EXERCISE: Output each of the entries exactly, skipping every picture they contain.

──────

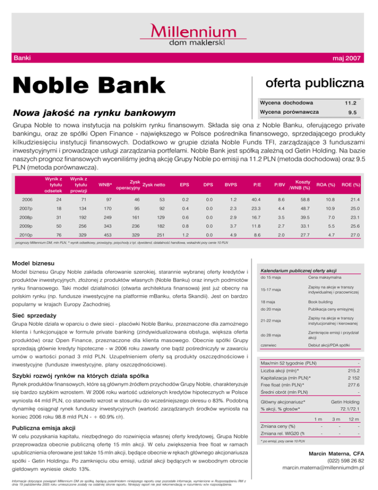 Banki maj 2007 Noble Bank oferta publiczna Wycena dochodowa Nowa jakość na rynku bankowym 11.2 Wycena porównawcza 9.5 Grupa Noble to nowa instytucja na polskim rynku finansowym. Składa się ona z Noble Banku, oferującego private bankingu, oraz ze spółki Open Finance - największego w Polsce pośrednika finansowego, sprzedającego produkty kilkudziesięciu instytucji finansowych. Dodatkowo w grupie działa Noble Funds TFI, zarządzające 3 funduszami inwestycyjnymi i prowadzące usługi zarządzania portfelami. Noble Bank jest spółką zależną od Getin Holding. Na bazie naszych prognoz finansowych wyceniliśmy jedną akcję Grupy Noble po emisji na 11.2 PLN (metoda dochodowa) oraz 9.5 PLN (metoda porównawcza). Wynik z tytu³u odsetek Wynik z tytu³u prowizji WNB* 2006 24 71 97 46 2007p 18 134 170 2008p 31 192 2009p 50 256 2010p 76 329 Zysk Zysk netto operacyjny EPS DPS BVPS P/E P/BV Koszty /WNB (%) ROA (%) ROE (%) 53 0.2 0.0 1.2 40.4 8.6 58.8 10.8 21.4 95 92 0.4 0.0 2.3 23.3 4.4 48.7 10.9 25.0 249 161 129 0.6 0.0 2.9 16.7 3.5 39.5 7.0 23.1 343 236 182 0.8 0.0 3.7 11.8 2.7 33.1 5.5 25.6 453 329 251 1.2 0.0 4.9 8.6 2.0 27.7 4.7 27.0 prognozy Millennium DM, mln PLN, * wynik odsetkowy, prowizyjny, przychody z tyt. dywidend, dzia³alnoæ handlowa, wskaniki przy cenie 10 PLN Model biznesu Model biznesu Grupy Noble zakłada oferowanie szerokiej, starannie wybranej oferty kredytów i produktów inwestycyjnych, złożonej z produktów własnych (Noble Banku) oraz innych podmiotów rynku finansowego. Taki model działalności (otwarta architektura finansowa) jest już obecny na Kalendarium publicznej oferty akcji do 15 maja Cena maksymalna 15-17 maja Zapisy na akcje w transzy indywidualnej i pracowniczej 18 maja Book building do 20 maja Publikacja ceny emisyjnej 21-22 maja Zapisy na akcje w transzy instytucjonalnej i kierowanej do 28 maja Zamkniêcie emisji i przydzia³ akcji czerwiec Debiut akcji/PDA spó³ki polskim rynku (np. fundusze inwestycyjne na platformie mBanku, oferta Skandii). Jest on bardzo popularny w krajach Europy Zachodniej. Sieć sprzedaży Grupa Noble działa w oparciu o dwie sieci - placówki Noble Banku, przeznaczone dla zamożnego klienta i funkcjonujące w formule private banking (zindywidualizowana obsługa, większa oferta produktów) oraz Open Finance, przeznaczone dla klienta masowego. Obecnie spółki Grupy sprzedają głównie kredyty hipoteczne - w 2006 roku zawarły one bądź pośredniczyły w zawarciu umów o wartości ponad 3 mld PLN. Uzupełnieniem oferty są produkty oszczędnościowe i inwestycyjne (fundusze inwestycyjne, plany oszczędnościowe). Max/min 52 tygodnie (PLN) - Liczba akcji (mln)* 215.2 Szybki rozwój rynków na których działa spółka Kapitalizacja (mln PLN)* 2 152 Rynek produktów finansowych, które są głównym źródłem przychodów Grupy Noble, charakteryzuje Free float (mln PLN)* 277.6 się bardzo szybkim wzrostem. W 2006 roku wartość udzielonych kredytów hipotecznych w Polsce redni obrót (mln PLN) wyniosła 44 mld PLN, co stanowiło wzrost w stosunku do wcześniejszego okresu o 83%. Podobną G³ówny akcjonariusz* dynamikę osiągnął rynek funduszy inwestycyjnych (wartość zarządzanych środków wyniosła na % akcji, % g³osów* koniec 2006 roku 98.8 mld PLN - + 60.9% r/r). Publiczna emisja akcji W celu pozyskania kapitału, niezbędnego do rozwinięcia własnej oferty kredytowej, Grupa Noble przeprowadza obecnie publiczną ofertę 15 mln akcji. W celu zwiększenia free float w ramach upublicznienia oferowane jest także 15 mln akcji, będące obecnie w rękach głównego akcjonariusza spółki - Getin Holdingu. Po zamknięciu obu emisji, udział akcji będących w swobodnym obrocie giełdowym wyniesie około 13%. Informacje dotyczące powiązań Millennium DM ze spółką, będącą przedmiotem niniejszego raportu oraz pozostałe informacje, wymienione w Rozporządzeniu RM z dnia 19 października 2005 roku umieszczone zostały na ostatniej stronie raportu. Niniejszy raport nie jest rekomendacją w rozumieniu w/w rozporządzenia. Getin Holding 72.1/72.1 1m 3m 12 m Zmiana ceny (%) - - - Zmiana rel. WIG20 (% - - - * po emisji, przy cenie 10 PLN Marcin Materna, CFA (022) 598 26 82 [email protected] SPIS TREŚCI Podsumowanie inwestycyjne ……………………………………………………………………3 3 Czynniki ryzyka …………………………………………………………………… 5 5 Emisja nowych akcji …………………………………………………………………… 7 Wycena …………………………………………………………………… 8 7 8 Metoda ROE-P/BV …………………………………………………………………… 8 8 Metoda porównawcza …………………………………………………………………… 9 Noble Bank …………………………………………………………………… 11 Model biznesu …………………………………………………………………… 11 11 11 Z WBC do Noble Banku …………………………………………………………………… 12 Akcjonariat …………………………………………………………………… 13 9 12 13 Oferowane usługi …………………………………………………………………… 13 13 Produkty inwestycyjne i oszczędnościowe …………………………………………………………………… 14 Noble TFI …………………………………………………………………… 14 14 14 Produkty kredytowe …………………………………………………………………… 16 16 Potencjalni klienci …………………………………………………………………… 17 17 Współpraca z innymi podmiotami …………………………………………………………………… 18 Sieć sprzedaży ……………………………………………………………………
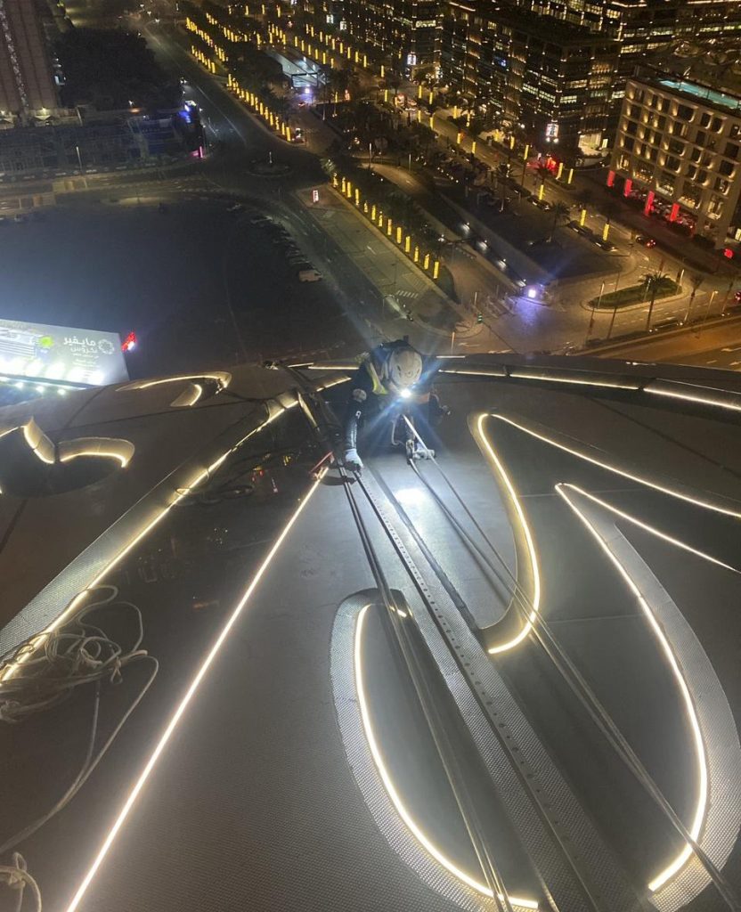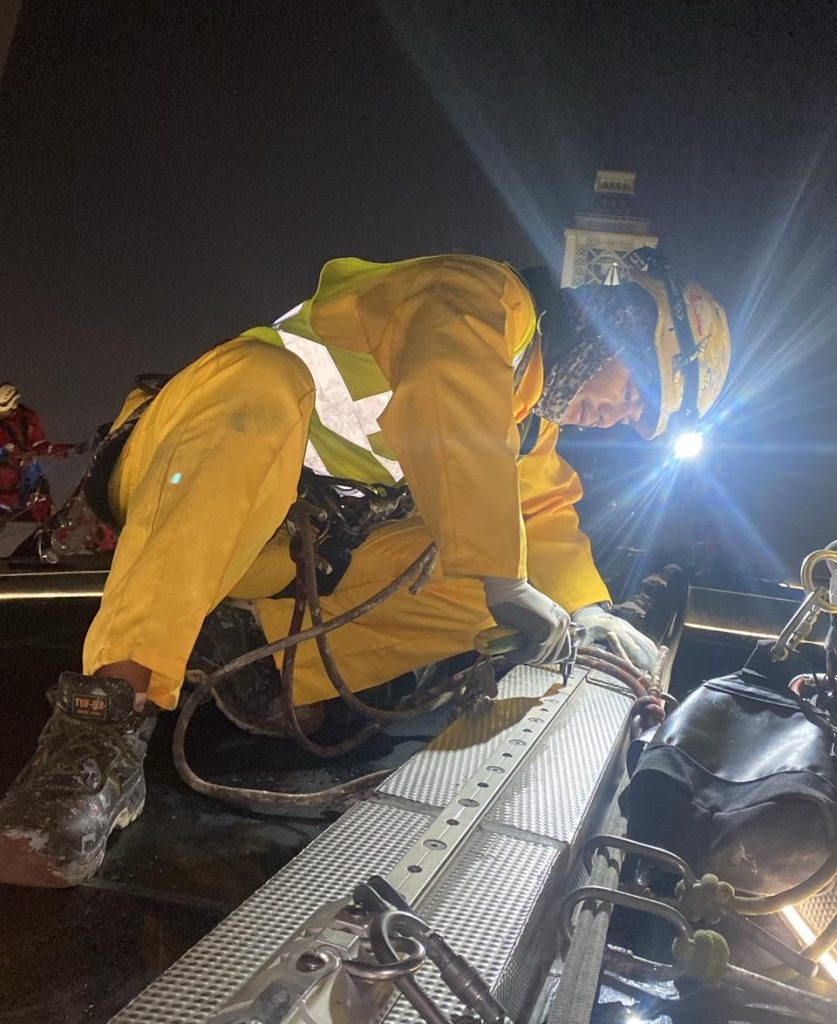 The survey was conducted by the rope access operations team by monitoring the condition of the catwalk and other structural sections, finding areas with damaged firestop protection and other abnormalities.
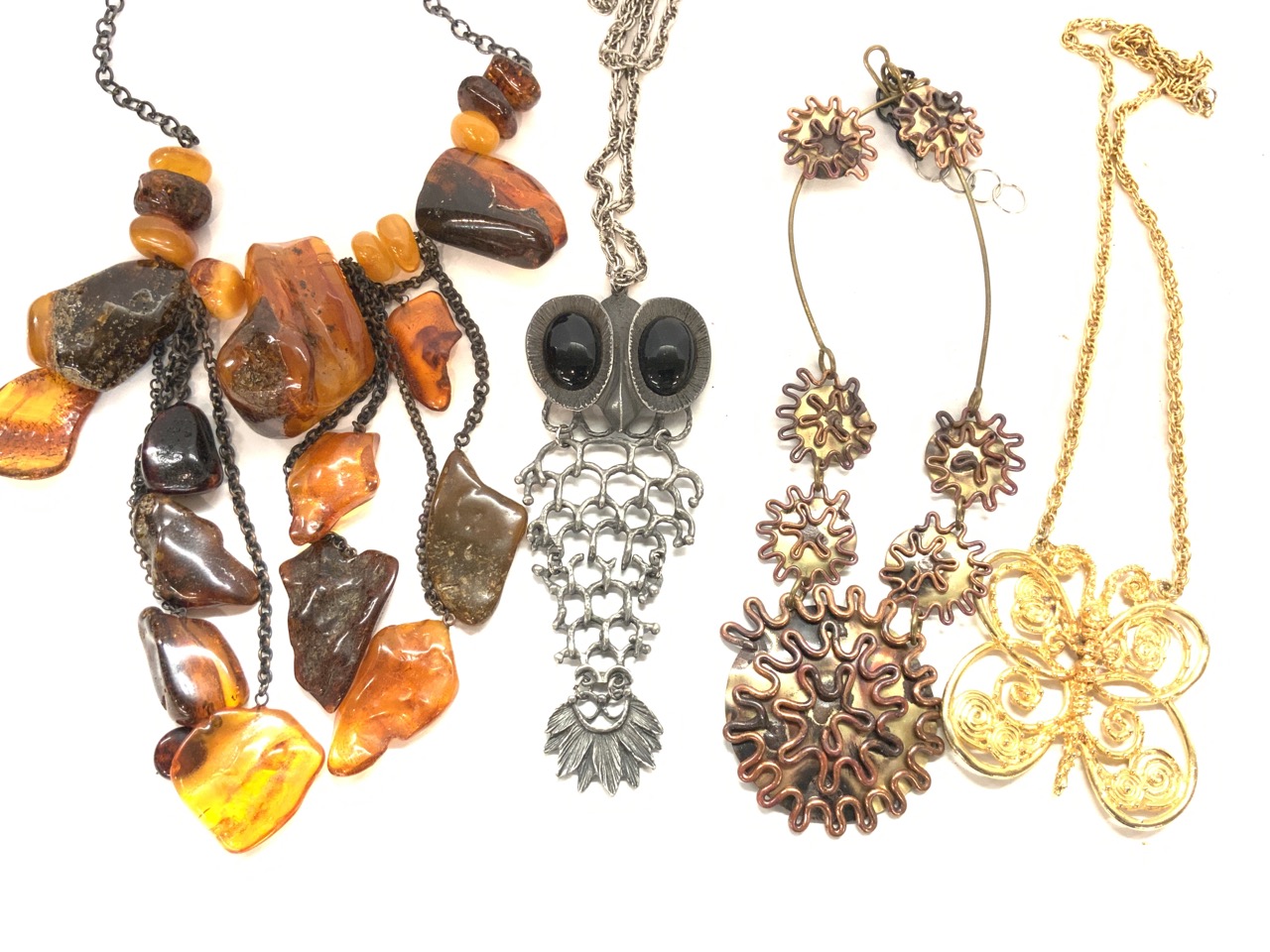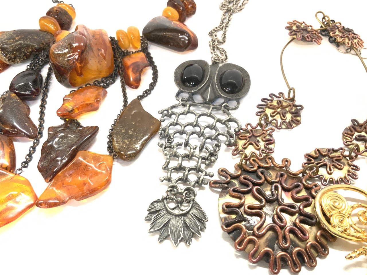 Assorted Jewelry Group. 1960's Chunky Pendant Necklaces etc.
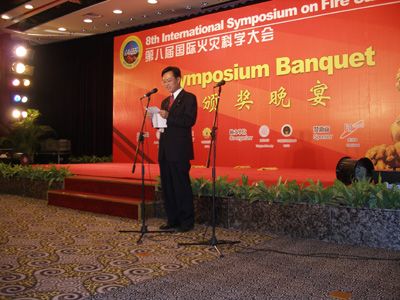 范维澄院士应邀作了“中国火灾科学研究进展”的特邀报告,全面介绍了国家重点基础研究发展规划973项目——“火灾动力学演化与防治基础”的研究进展情况,报告尤其突出了我校火灾实验室在热解、回燃、火旋风、火灾场区网模型、人员疏散、风险评估、阻燃探测灭火等方面的研究成果。此外,我校火灾实验室师生还分别做了10场口头报告,报告内容涉及到火灾安全科学的方方面面,包括火灾统计分析、火蔓延动力学数值及实验模拟、特殊火行为、阻燃技术原理及基于视觉显示的火灾探测技术等理论及实验研究成果,其中翁文国副教授的论文被评为本届大会3篇优秀论文之一。通过本届火灾科学大会,向全世界火灾科学界充分展示了我校火灾实验室在火灾科学基础理论及消防技术方面的研究成就,在世界火灾科学界引起了强力的反响。
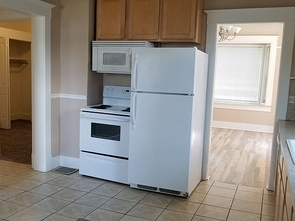 This house features three bedrooms, one bathroom, living room with a bay window to sit and enjoy a book. The kitchen has tile with a center piece design. Laundry upstairs with gas dryer. This house has character throughout with nine foot ceilings. Big back yard that goes all the way to the alley with sprinkler system.
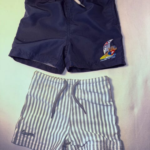 Marks & Spencer shorts for barn i størrelse 110. Unisex-modell i bomull med flerfarget mønster med palmer og surfebrett på lys bunn. Shortsen har strikk i livet og knytebånd for justering. Egnet til hverdagsbruk og sommeraktiviteter.

──────

RESULT FOR THIS TASK:
 Banki maj 2007 Noble Bank oferta publiczna Wycena dochodowa Nowa jakość na rynku bankowym 11.2 Wycena porównawcza 9.5 Grupa Noble to nowa instytucja na polskim rynku finansowym. Składa się ona z Noble Banku, oferującego private bankingu, oraz ze spółki Open Finance - największego w Polsce pośrednika finansowego, sprzedającego produkty kilkudziesięciu instytucji finansowych. Dodatkowo w grupie działa Noble Funds TFI, zarządzające 3 funduszami inwestycyjnymi i prowadzące usługi zarządzania portfelami. Noble Bank jest spółką zależną od Getin Holding. Na bazie naszych prognoz finansowych wyceniliśmy jedną akcję Grupy Noble po emisji na 11.2 PLN (metoda dochodowa) oraz 9.5 PLN (metoda porównawcza). Wynik z tytu³u odsetek Wynik z tytu³u prowizji WNB* 2006 24 71 97 46 2007p 18 134 170 2008p 31 192 2009p 50 256 2010p 76 329 Zysk Zysk netto operacyjny EPS DPS BVPS P/E P/BV Koszty /WNB (%) ROA (%) ROE (%) 53 0.2 0.0 1.2 40.4 8.6 58.8 10.8 21.4 95 92 0.4 0.0 2.3 23.3 4.4 48.7 10.9 25.0 249 161 129 0.6 0.0 2.9 16.7 3.5 39.5 7.0 23.1 343 236 182 0.8 0.0 3.7 11.8 2.7 33.1 5.5 25.6 453 329 251 1.2 0.0 4.9 8.6 2.0 27.7 4.7 27.0 prognozy Millennium DM, mln PLN, * wynik odsetkowy, prowizyjny, przychody z tyt. dywidend, dzia³alnoæ handlowa, wskaniki przy cenie 10 PLN Model biznesu Model biznesu Grupy Noble zakłada oferowanie szerokiej, starannie wybranej oferty kredytów i produktów inwestycyjnych, złożonej z produktów własnych (Noble Banku) oraz innych podmiotów rynku finansowego. Taki model działalności (otwarta architektura finansowa) jest już obecny na Kalendarium publicznej oferty akcji do 15 maja Cena maksymalna 15-17 maja Zapisy na akcje w transzy indywidualnej i pracowniczej 18 maja Book building do 20 maja Publikacja ceny emisyjnej 21-22 maja Zapisy na akcje w transzy instytucjonalnej i kierowanej do 28 maja Zamkniêcie emisji i przydzia³ akcji czerwiec Debiut akcji/PDA spó³ki polskim rynku (np. fundusze inwestycyjne na platformie mBanku, oferta Skandii). Jest on bardzo popularny w krajach Europy Zachodniej. Sieć sprzedaży Grupa Noble działa w oparciu o dwie sieci - placówki Noble Banku, przeznaczone dla zamożnego klienta i funkcjonujące w formule private banking (zindywidualizowana obsługa, większa oferta produktów) oraz Open Finance, przeznaczone dla klienta masowego. Obecnie spółki Grupy sprzedają głównie kredyty hipoteczne - w 2006 roku zawarły one bądź pośredniczyły w zawarciu umów o wartości ponad 3 mld PLN. Uzupełnieniem oferty są produkty oszczędnościowe i inwestycyjne (fundusze inwestycyjne, plany oszczędnościowe). Max/min 52 tygodnie (PLN) - Liczba akcji (mln)* 215.2 Szybki rozwój rynków na których działa spółka Kapitalizacja (mln PLN)* 2 152 Rynek produktów finansowych, które są głównym źródłem przychodów Grupy Noble, charakteryzuje Free float (mln PLN)* 277.6 się bardzo szybkim wzrostem. W 2006 roku wartość udzielonych kredytów hipotecznych w Polsce redni obrót (mln PLN) wyniosła 44 mld PLN, co stanowiło wzrost w stosunku do wcześniejszego okresu o 83%. Podobną G³ówny akcjonariusz* dynamikę osiągnął rynek funduszy inwestycyjnych (wartość zarządzanych środków wyniosła na % akcji, % g³osów* koniec 2006 roku 98.8 mld PLN - + 60.9% r/r). Publiczna emisja akcji W celu pozyskania kapitału, niezbędnego do rozwinięcia własnej oferty kredytowej, Grupa Noble przeprowadza obecnie publiczną ofertę 15 mln akcji. W celu zwiększenia free float w ramach upublicznienia oferowane jest także 15 mln akcji, będące obecnie w rękach głównego akcjonariusza spółki - Getin Holdingu. Po zamknięciu obu emisji, udział akcji będących w swobodnym obrocie giełdowym wyniesie około 13%. Informacje dotyczące powiązań Millennium DM ze spółką, będącą przedmiotem niniejszego raportu oraz pozostałe informacje, wymienione w Rozporządzeniu RM z dnia 19 października 2005 roku umieszczone zostały na ostatniej stronie raportu. Niniejszy raport nie jest rekomendacją w rozumieniu w/w rozporządzenia. Getin Holding 72.1/72.1 1m 3m 12 m Zmiana ceny (%) - - - Zmiana rel. WIG20 (% - - - * po emisji, przy cenie 10 PLN Marcin Materna, CFA (022) 598 26 82 [email protected] SPIS TREŚCI Podsumowanie inwestycyjne ……………………………………………………………………3 3 Czynniki ryzyka …………………………………………………………………… 5 5 Emisja nowych akcji …………………………………………………………………… 7 Wycena …………………………………………………………………… 8 7 8 Metoda ROE-P/BV …………………………………………………………………… 8 8 Metoda porównawcza …………………………………………………………………… 9 Noble Bank …………………………………………………………………… 11 Model biznesu …………………………………………………………………… 11 11 11 Z WBC do Noble Banku …………………………………………………………………… 12 Akcjonariat …………………………………………………………………… 13 9 12 13 Oferowane usługi …………………………………………………………………… 13 13 Produkty inwestycyjne i oszczędnościowe …………………………………………………………………… 14 Noble TFI …………………………………………………………………… 14 14 14 Produkty kredytowe …………………………………………………………………… 16 16 Potencjalni klienci …………………………………………………………………… 17 17 Współpraca z innymi podmiotami …………………………………………………………………… 18 Sieć sprzedaży ……………………………………………………………………
 The survey was conducted by the rope access operations team by monitoring the condition of the catwalk and other structural sections, finding areas with damaged firestop protection and other abnormalities.
 Assorted Jewelry Group. 1960's Chunky Pendant Necklaces etc.
 范维澄院士应邀作了“中国火灾科学研究进展”的特邀报告,全面介绍了国家重点基础研究发展规划973项目——“火灾动力学演化与防治基础”的研究进展情况,报告尤其突出了我校火灾实验室在热解、回燃、火旋风、火灾场区网模型、人员疏散、风险评估、阻燃探测灭火等方面的研究成果。此外,我校火灾实验室师生还分别做了10场口头报告,报告内容涉及到火灾安全科学的方方面面,包括火灾统计分析、火蔓延动力学数值及实验模拟、特殊火行为、阻燃技术原理及基于视觉显示的火灾探测技术等理论及实验研究成果,其中翁文国副教授的论文被评为本届大会3篇优秀论文之一。通过本届火灾科学大会,向全世界火灾科学界充分展示了我校火灾实验室在火灾科学基础理论及消防技术方面的研究成就,在世界火灾科学界引起了强力的反响。
 This house features three bedrooms, one bathroom, living room with a bay window to sit and enjoy a book. The kitchen has tile with a center piece design. Laundry upstairs with gas dryer. This house has character throughout with nine foot ceilings. Big back yard that goes all the way to the alley with sprinkler system.
 Marks & Spencer shorts for barn i størrelse 110. Unisex-modell i bomull med flerfarget mønster med palmer og surfebrett på lys bunn. Shortsen har strikk i livet og knytebånd for justering. Egnet til hverdagsbruk og sommeraktiviteter.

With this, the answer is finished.